# British resourse for Ferguson owners/fans



## bontai Joe (Sep 16, 2003)

I found this while surfing for shows. This site in England looks like a valuable resourse for info, history, and possibly parts for Ferguson owners. Here is a link:

http://www.fofh.co.uk/index.htm


----------



## Ernie (Mar 18, 2004)

Thanks alot bj, just left that site and it is promising. Again thanks for posting here at the Happy Massey :furious:


----------



## bontai Joe (Sep 16, 2003)

Ernieg,
It looked like a possible source of parts, decals, etc. that might not be known by most folks on this side of the Atlantic. Plus the magazine looked interesting. I'm happy you found it interesting. The Massey Ferguson tractors are great machines, and I hope we can get some more folks interested in them. Check out some of the older Masseys I've put in the Ebay section. There are some good deals out there.


----------



## Ernie (Mar 18, 2004)

Again thanks for the info and I will check out the ebay site. Are they in the Massey section or general? 

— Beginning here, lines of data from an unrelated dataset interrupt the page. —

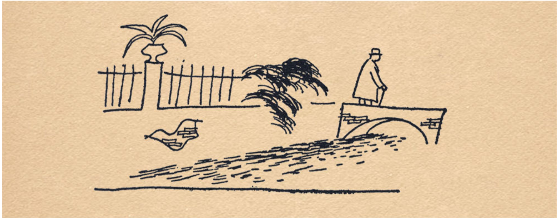
Ramón Gaya, ilustración en el nº 2 de Hora de España con Antonio Machado cruzando el puente sobre un acequia de Montcada. Valencia 1937

En esta entrada, segunda dedicada a la figura de Antonio Machado, incluimos diferentes poemas homenajeando al escritor sevillano que fue muy querido por el pueblo español, no así por los sublevados contra la legítima II República española y que pretendieron borrar a personajes como Machado de la memoria histórica. No lo consiguieron a pesar de la dictadura de plomo que duró décadas de espantosa represión policial. Tampoco el respeto que su figura tuvo en pueblos de muchos países, sobre todo en los latinoamericanos.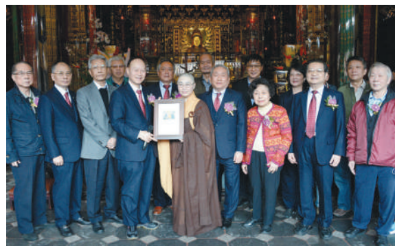
僧醫會致贈感謝狀予台北市艋舺龍山寺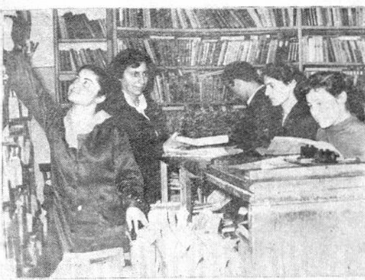
გამოდების ცხარე დღეებია. უნივერსიტეტის ყველა კოხტში დაბნული შეშაბა. განსაკუთრებით სტუდენტთა სამკითხველ დარბაზში აგრძობს ეს დარბაზის თანამშრომლები შეუსვენებლად ემსახურებიან სტუდენტებს, დღოდღე მათ კარგ შედეგს მიაღწიან.

სურათში: პირველი კორპუსის სამკითხველ დარბაზის თანამშრომლები სტუდენტთა მომსახურების დროს.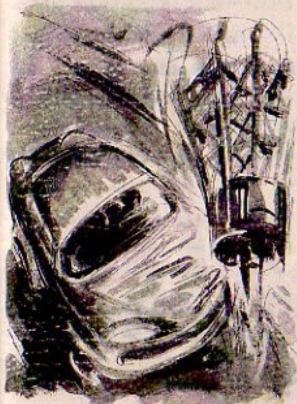
وفي نفس اللحظة التي استقرت فيها على الطريق ، انقضت عليها قملة البرج المحطم ..

- من الواضح أنه قد أسقط برج البث الرئيسي ، لجريدة ( أبناء الفيديو ) ، والذي كنا نستخدمه للبث العام ، ولكن نظام البث ، الذي نستخدمه داخلياً ، مازال يعمل بكفاءة ، لذا فنحن نستقبل موجاته بوساطة الهوائى الخارجى فحسب .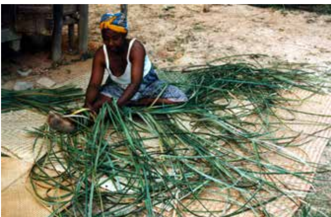
Los bosques y árboles proveen bienes a las comunidades locales que enfrentan amenazas climáticas

Una diferencia entre hacer frente y adaptarse radica en la acción anticipatoria como por ejemplo, el manejo o la restauración de los bosques para garantizar el suministro futuro de productos. En este contexto, la gobernanza es clave para entender por qué algunos ecosistemas son utilizados como herramientas de protección, sin mucha inversión en el manejo, y otros son manejados para asegurar medios de vida sostenibles y resilientes. Los derechos de propiedad y acceso bien definidos son componentes críticos de los sistemas de manejo locales. 39,40 Los derechos de propiedad colectiva o individual ofrecen incentivos para mantener las reservas de recursos a través del tiempo y reducir la vulnerabilidad de las personas que dependen de ellas. 41 Muchos autores han demostrado los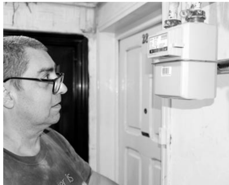
Január elsejétől jelentősen nő a kisfogyasztók gázszámlája

Úgy gondolom, Románia gazdasági kihívásai 2025-ben tovább mélyítik az állampolgárok mindennapi terheit. Miközben a minimálbér és a nyugdíjak „emelése” fontos lépés, a növekvő energiaárak és az infláció gyorsan felemészthetik az ezekből származó többletjövedelmet. Az energiaszegénység széles rétegeket érint, különösen a kisnyugdíjasok és hátrányos helyzetű családok körében. Az intézkedések és támogatások ellenére a rendszer nem képes átfogó megoldást nyújtani a méltányos életkörülmények biztosítására. A gazdaságpolitikai döntések jövőbeli fenntarthatósága elengedhetetlen ahhoz, hogy az emelések ne csak számokban, hanem a lakosság életminőségében is érezhetőek legyenek.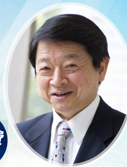
かたやま よしひろ 片山 善博 早稲田大学公共経営大学院教授

今、日本の民主主義は正常に機能しているでしょうか。主婦連合会創設者の奥むめおは「政治と台所の直結」を訴えて政治家となりました。女性議員をふやし、子育てや介護をしながら誰もが議員活動ができるようにするにはどうしたらいいでしょうか。くらしの声を地方や国の政治にいかん反映させることができるか、お話しいただきます。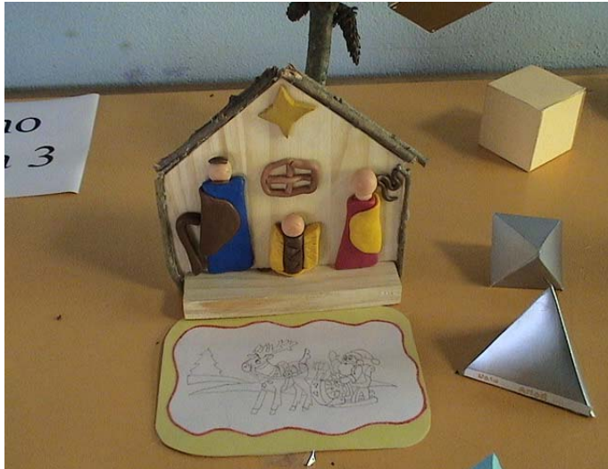
7 ano/grade 3 turma/class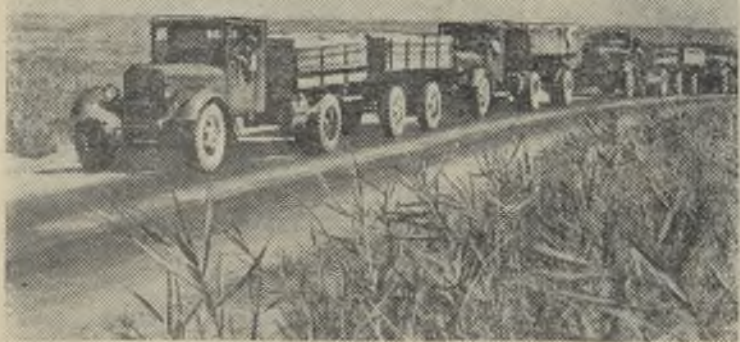
Алма-Атинская область. Колхозы и совхозы наращивают темпы вывозки зерна на государственные заготовительные пункты. Тысячи автомашин заняты перевозкой хлеба нового урожая.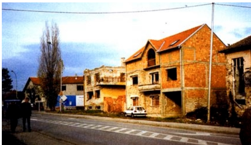
Niz kuća u kojem ima obnovljenih, neobnovljenih i jedna se kuća obnavlja

Posjetili smo neka vukovarska gradilišta, a provezli smo se i Mitnicom koja sada ima znatno drukčiji izgled negoli za našeg prvog obilaska prije nekoliko godina. Neke zgrade, posebno one s obnovljenim pročeljima, i s očigledno nadahnutim projektantima, izgledaju doista lijepo. Na mnogim su kućama obnovu potpomogli i sami vlasnici. No ukupan dojam kvare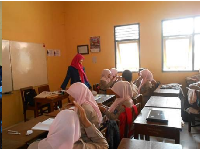
Gambar 4 : Kegiatan pembelajaran di kelas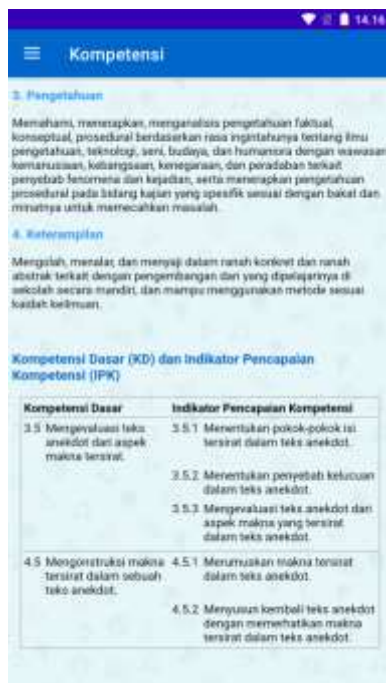
Tampilan Sebelum Diperbaiki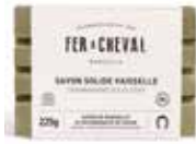
Savon Solide Vaisselle Dishwashing Solid Soap 022411 - Savon 225g - 7.93 oz - PCB 18

Bj I havcent heard anything on your move to the far east as of late. How is that coming along?:


----------



## bontai Joe (Sep 16, 2003)

I put a couple of interesting Masseys in the Ebay section on this site. Just go to the home page and scroll down untill you see the Ebay logo and click. I put them there yesterday, so they should still be near the top of the list.


----------



## Ernie (Mar 18, 2004)

I take that you are in the bus. of buying anc selling farm equip?


----------